## What this task involves
Whenever "organisé" occurs in a line of the material, list that line.

## The data

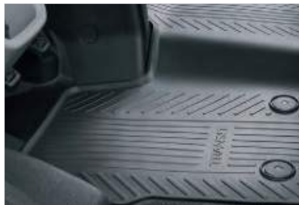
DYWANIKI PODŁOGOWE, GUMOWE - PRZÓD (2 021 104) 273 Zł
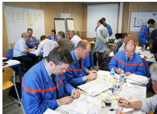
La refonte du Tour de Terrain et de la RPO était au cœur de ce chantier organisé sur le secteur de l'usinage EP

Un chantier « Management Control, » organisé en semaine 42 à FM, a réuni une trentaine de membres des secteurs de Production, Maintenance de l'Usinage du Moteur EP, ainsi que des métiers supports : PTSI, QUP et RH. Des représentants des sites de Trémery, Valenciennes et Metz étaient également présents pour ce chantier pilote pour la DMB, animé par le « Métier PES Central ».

--

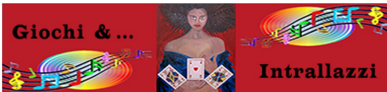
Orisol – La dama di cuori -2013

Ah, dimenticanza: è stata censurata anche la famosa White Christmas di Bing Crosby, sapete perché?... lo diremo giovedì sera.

## Written response
La refonte du Tour de Terrain et de la RPO était au cœur de ce chantier organisé sur le secteur de l'usinage EP
Un chantier « Management Control, » organisé en semaine 42 à FM, a réuni une trentaine de membres des secteurs de Production, Maintenance de l'Usinage du Moteur EP, ainsi que des métiers supports : PTSI, QUP et RH. Des représentants des sites de Trémery, Valenciennes et Metz étaient également présents pour ce chantier pilote pour la DMB, animé par le « Métier PES Central ».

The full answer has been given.